Joseph became intrigued with the concept of the Holy Spirit of Promise sometime after receiving a revelation that described the righteous, “who overcome by faith, and are sealed by the Holy Spirit of promise, which the Father sheds forth upon all those who are just and true” (D&C 76:53). Within the next decade, he received six other revelations that dealt with this unique doctrine, and he elaborated on it in at least six sermons.73 The Doctrine and Covenants describes the Holy Spirit of Promise as performing two levels of sealings—one temporary, the other permanent.74 Temporarily, it ratifies authorized ordinances performed on purified disciples, but the sealing can be removed if the recipients break their covenants. Latter-day Saints understand that the temporary seal of baptism or any other ordinance is binding on earth and in heaven only if they maintain a pure and repentant heart. Permanently, after one overcomes all the trials in life needed to prove willful obedience to God, the Holy Spirit of Promise ensures exaltation in the highest heaven.75 Joseph endorsed Philippians 2:12, that only when you worked “out your own salvation with fear and trembling” could the Holy Spirit seal God’s elect.76 Further, when Joseph spoke of “the Holy Spirit of Promise,” he often referred to a special Melchizedek Priesthood blessing that eternally sealed ordinances and covenants. In this sense, the Holy Spirit of Promise authoritatively guaranteed, or made sure, one’s calling and election.77 Even then, the binding power of the Spirit could be resisted by those who knowingly and openly rebelled against God:
According to the scriptures if a man has receive[d] the good word of God & tasted of the powers of the world to come if they shall fall away it is impossible to renew them again, seeing they have Crucified the son of God afresh & put him to an open – shame, so their [sic] is a possibility of falling away you could not be renewed again, & the power of Elijah Cannot seal against this sin, for this is a reserve made in the seals & power of the priesthood.78
Although Ephesians 1:13 cites the Holy Spirit of Promise, no one in antebellum America used the biblical phrase in quite the same way Joseph did.79 He expanded the doctrines of the Spirit and explored uncharted territory. Historians have often regarded Joseph as merely a product of his environment. After all, Joseph directly commented on Calvinist and Arminian theologies and used terminology from the King James Version, the same biblical vocabulary used by his peers. This man-of-his-times conclusion is problematic when delving deeper into the innovative ways Joseph defined biblical words and phrases—especially in pneumatological matters. Rather than categorizing Joseph Smith with his contemporaries of the nineteenth century, one best understands the prophet’s pneumatology when it is compared to the Bible.

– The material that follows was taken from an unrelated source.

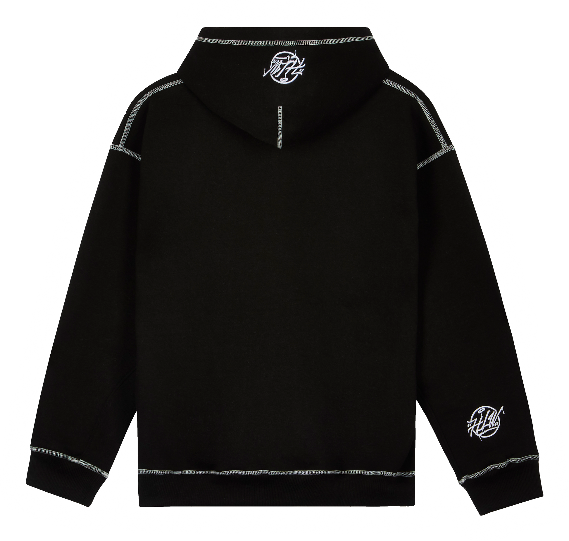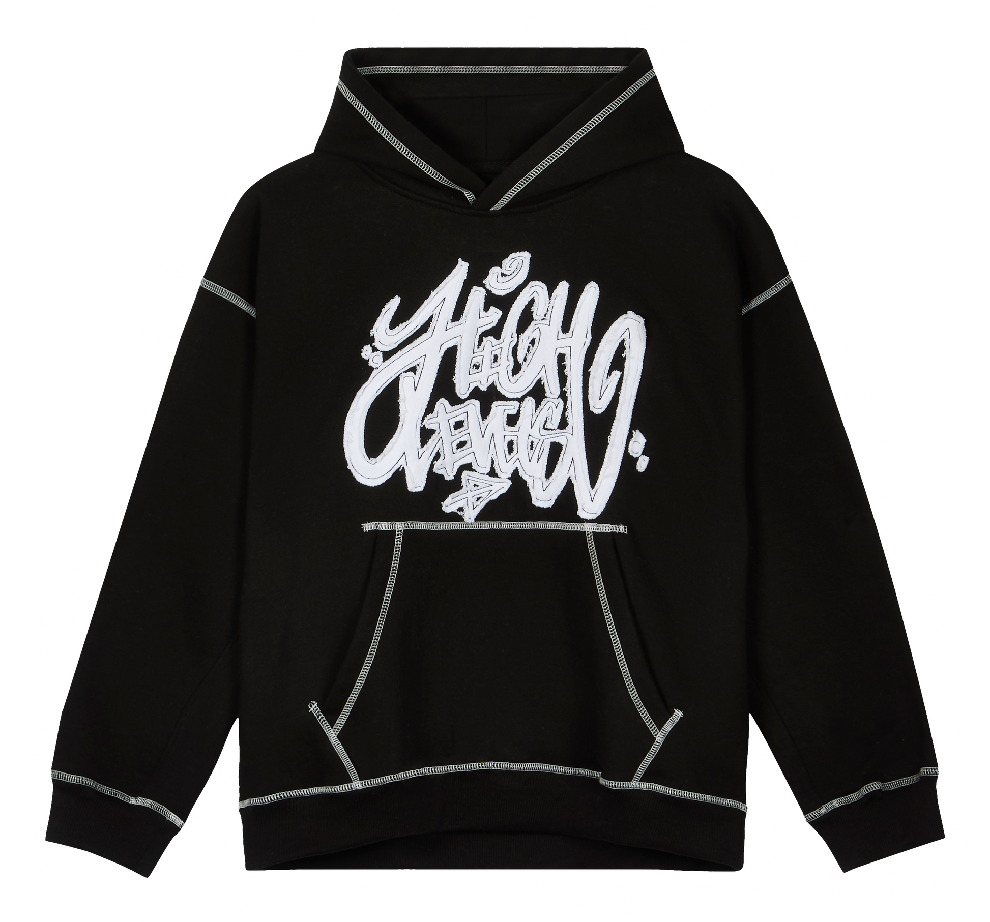 Oversized cotton fleece hoodie with distressed 3D embroidery and contrast stitching for a bold, relaxed fit.
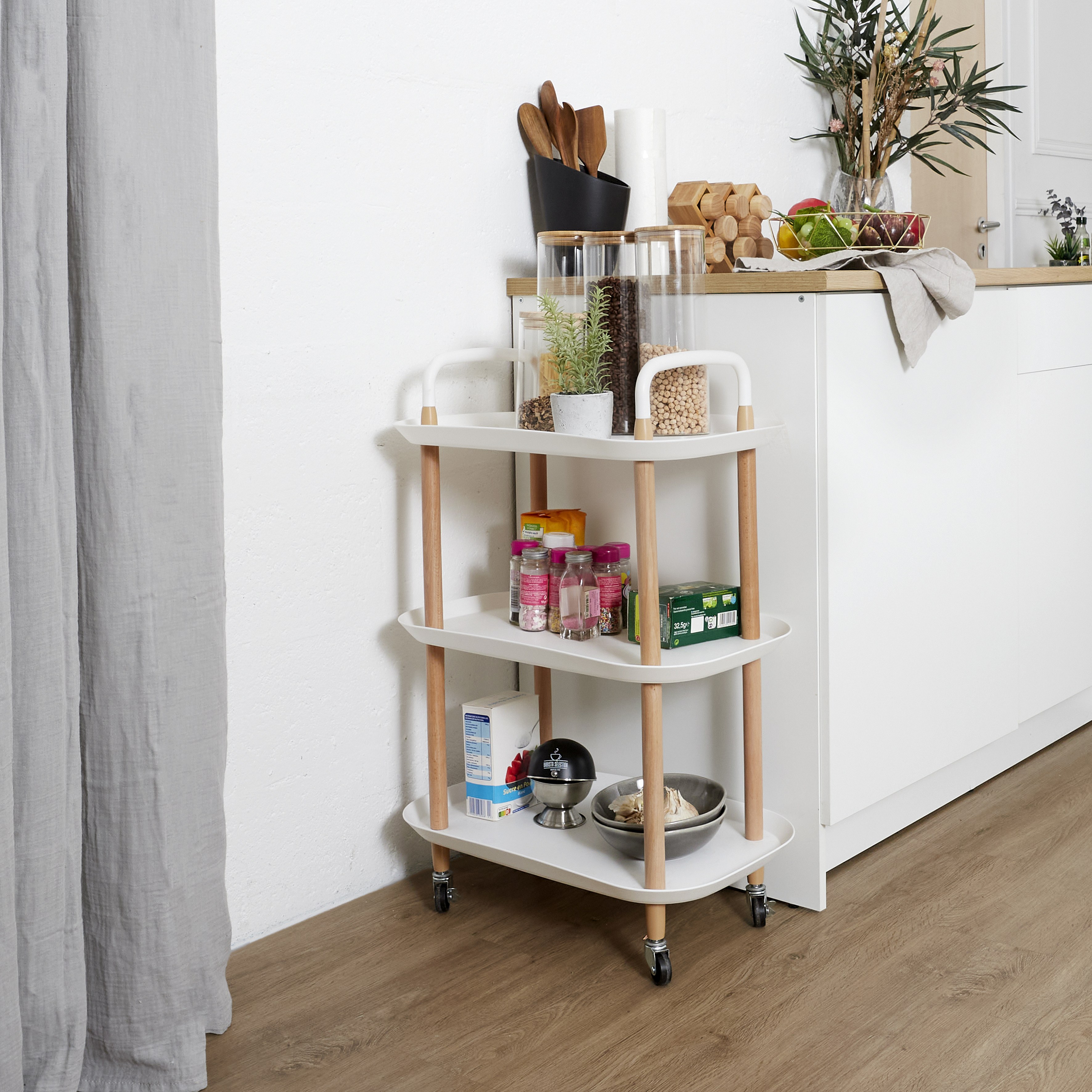 Chariot de service avec 3 étagères, à roulettes, en plastique, blanc (40.8x33.5x60.5 cm)

Joseph Smith’s Teachings and Sacred Writings Compared with the Bible
Notwithstanding his unconventional ideas about the Spirit, Joseph Smith asserted that he taught in strict accord with the teachings of the Bible.80 In January 1836, when a visitor asked him how his teachings differed from other Christian denominations, Joseph answered: “We believe the Bible, and they do not.”81 He complained that other ministers construed the Bible through philosophical and traditional interpretations, not as the apostolic church intended.82 Yet Joseph never asserted that his doctrines or scripture were products of the Bible. Harmony and source are different things. Joseph maintained that the Spirit of the Lord taught him through his translations, personal revelations, and Bible study. This latter practice kept Joseph’s pneumatology in accord with biblical vocabulary while building on what the Bible offers through multiplying pneumatological concepts, terms, and details, as well as multiplying the sheer number of such occurrences in scripture.
Difference in Numbers
One way to examine the differences between the sacred writings that came through Joseph and the Bible is by simple word-counting. Even though the Book of Mormon and the Doctrine and Covenants together are under half the size of the Bible (374,233 words compared to 790,868 KJV words), Joseph’s two texts have 217 more references to the Spirit. The total word ratio of pneumatological words is especially apparent in the Doctrine and Covenants, where it mentions the Spirit 63 percent or 1.6 times more often than in the New Testament, and seventeen times more often than in the Old Testament. The data in table 3 substantiates this prominence.83
Table 3. Word Ratio of Spirit, Holy Ghost, Comforter, and Baptism of Fire
|Total||Number of references per 1,000 words|
|Book of Mormon
|Book of Mormon, D&C
374,233 total words
|KJV New Testament
|KJV Old Testament
790,868 total words
Mormonism’s sacred texts cite the Spirit 3.5 times more often per one thousand words than the Bible. In the Old Testament, only half of the books include a reference to ruach as the Spirit of God (with Isaiah as the most prolific); in the New Testament, twenty-four of the twenty-nine books include either pneuma, parakleto, or theopneustos. Every book in the Book of Mormon and 77 of the 134 sections of the Doctrine and Covenants attributed as revelations to Joseph have references to the Spirit.
Difference in Names
In addition, the sacred writings to Joseph use a wider variety of descriptive names for the Spirit. In contrast to the Bible’s prevailing shorter references like Holy Ghost or Holy Spirit, the Book of Mormon and Doctrine and Covenants use longer titles that often convey additional doctrinal meaning. They demonstrate this most dramatically in three-to-five-word titles describing the Spirit (see table 4).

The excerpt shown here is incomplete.